4.3. The Influencing Factors of Heterogeneity and the Effects on Reservoir Properties and Seepage Ability

The content of organic matter and mineral composition are the main factors affecting the types and structures of micro–nanopores and fractures in shale [68]. With the increase in organic matter content and thermal evolution degree, the heterogeneity of fractures, mesopores, and micropores decreases, while the heterogeneity of macropores increases. The shales with a high organic matter content usually develop in the deep depression zones of the basin, with less tectonic activities and a stable sedimentary environment. The shale laminae developed in this environment are relatively straight, and the fractures are mainly composed of lamellation fractures with fewer structural fractures. The lamellation fractures are relatively straight, and the width of the fractures in each position is roughly the same. The structure between the bedding fractures is relatively similar. Owing to the low thermal evolution of organic matter in this study area, the volume shrinkage of organic matter in this stage mainly leads to the formation of larger shrinkage cracks between organic matter and the mineral matrix, while organic matter pores with smaller pore sizes are not yet developed or less developed. Therefore, with the increase in the degree of thermal evolution of organic matter, the heterogeneity of macropores increases, while the heterogeneity of mesopores and micropores decreases (Figure 15).
An increase in feldspars and quartzes will increase the brittleness of shale, which is conducive to the formation of structural fractures, and increase the complexity of fractures (Figure 16(a1)). There is less development of lamellation fractures in shale with high carbonate mineral content, and only a few structural fractures can be observed in core and thin-section photos. The development degree of fractures is relatively low. Clay minerals can increase the toughness of shale, inhibit the development of structural fractures, and block existing fractures, increasing the complexity of fractures (Figure 16(c1)). A higher felsic mineral content is conducive to the development of interparticle pores with larger pore sizes. A change in the carbonate mineral content mainly affects the development of interparticle pores in the mesopore size range. The content of feldspar, quartz, and carbonate minerals increased, and the main control macropores and mesoporous pores showed homogenization characteristics (Figure 16(a2,b3)). This phenomenon confirms that the pore morphology of interparticle pores is regular and the pore structure is relatively uniform. The micropores developed in the shale of Dongying Sag are mainly intercrystalline pores of several nanometers to tens of nanometers between clay minerals.
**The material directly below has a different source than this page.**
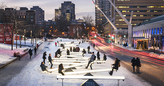 « Montréal, le 22 novembre 2017 – Le Partenariat du Quartier des spectacles est heureux d’accueillir de nouveau l’œuvre IMPULSION, dans le cadre de la 8e édition de Luminothérapie, du 30 novembre 2017 au 28 janvier 2018. Après avoir visité plus d’une douzaine de villes dans le monde, dont Londres, Bruxelles et Chicago, et ravi des millions de personnes, cette installation hivernale composée de 30 bascules lumineuses et sonores transformera une fois de plus la place des Festivals en un vaste terrain de jeux.
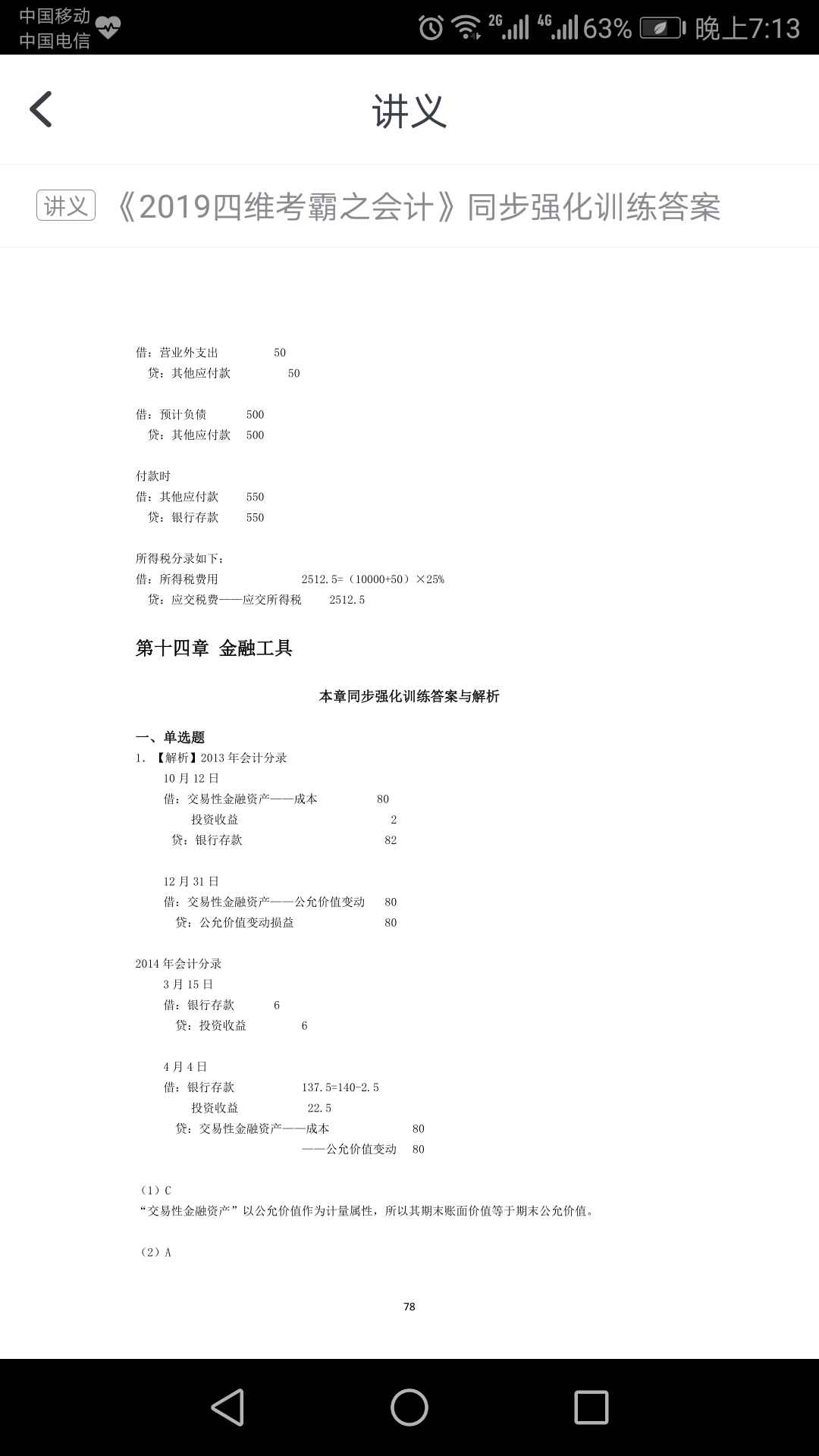 但这是18年的处理原则处理的,19年没有最后一步“处置时持有期间公允价值转投资收益”,这题还是按照18年的原值处理的。

These pores are usually in the form of a closed plate or narrow slit at one end, with a single pore type and low heterogeneity (Figure 16(c4)).
The heterogeneity of pores and fractures directly affects the permeability of shale. An increase in the heterogeneity of fractures and macropores will increase the permeability of the sample (Figure 17a,b). The heterogeneity of mesopores and micropores is not conducive to the seepage of hydrocarbons, and the influence of mesopores is more significant (Figure 17c,d). Although fractures and macropores promote the permeability of shale, they need to be connected with mesopores and micropores. Mesopores and micropores play a decisive role in the flow of oil and gas in shale. The nitrogen adsorption and MICP tests indicate that the pore volume of micropores mainly composed of intercrystalline pores between clay minerals is small, but these micropores occupy the vast majority of the specific surface area of the shale reservoir space, which mainly affects the adsorption of hydrocarbons and has a relatively small impact on the seepage of hydrocarbons. Combined with the previous discussion on the factors affecting the heterogeneity of the pore and fracture system, this paper ultimately points out that the shale with low felsic minerals, low clay minerals, high carbonate minerals, and a high thermal evolution degree is the dominant lithofacies of shale oil accumulation and migration.

5. Conclusions

Through MICP and nitrogen adsorption, combined with fractal theory, this paper researched the heterogeneity of the micro–nanopore and fracture system of lacustrine shales with a complex lamina structure in Dongying Sag. The authors draw the following conclusions:
(1) The laminated shale mainly develops interparticle pores between carbonate minerals, intercrystalline pores in pyrite, intercrystalline pores between clay minerals, and lamellation fractures. Layered shale develops interparticle pores between carbonate minerals, intercrystalline pores between clay minerals, intragranular dissolution pores in feldspar, and structural fractures.
(2) The lacustrine shales with a complex lamina structure have fractal characteristics among four zones, representing the heterogeneity of fractures, macropores, mesopores, and micropores. The overall heterogeneity of the pore and fracture system is strong. The characteristics of laminated shale are relatively homogeneous in fractures with strong heterogeneity in mesopores and moderate heterogeneity in micropores. Meanwhile, in layered shale, the characteristics are strong heterogeneity in fractures, homogeneous in mesopores, and moderate heterogeneity in micropores.
(3) Organic matter and mineral composition are the main factors affecting heterogeneity. An increase in the TOC and the degree of thermal evolution will increase the heterogeneity of macropores. Macropores and mesopores are mainly composed of interparticle pores between felsic minerals and carbonate minerals, and macropores and mesopores tend to be homogeneous with the increase in felsic and carbonate minerals. An increase in clay mineral content will promote the formation of slit or plate-like intercrystalline pores, making the pore structure simple.
(4) The heterogeneity of mesopores plays a decisive role in the flow of shale oil. Shale oil in laminated shale with high carbonate minerals and a high thermal evolution degree has strong mobility.

Author Contributions

Conceptualization, S.L. and J.Q.; Methodology, S.L. and J.Q.; Validation, Y.L. and X.L.; Formal Analysis, J.Q.; Resources, J.Z.; Data Curation, S.L.; Writing—Original Draft, S.L.; Writing—Review and Editing, S.L. and J.Q.; Visualization, S.L., C.L., Y.L., Z.K. and X.L.; Supervision, J.Q. and J.Z.; Funding Acquisition, J.Z. All authors have read and agreed to the published version of the manuscript.

Funding

This research was funded by the National Natural Science Foundation of China, grant number 41972147; the Young Scientists Fund of the National Natural Science Foundation of China, grant number 42302144; the Fundamental Research Funds for the Central Universities, grant number 2462023BJRC012.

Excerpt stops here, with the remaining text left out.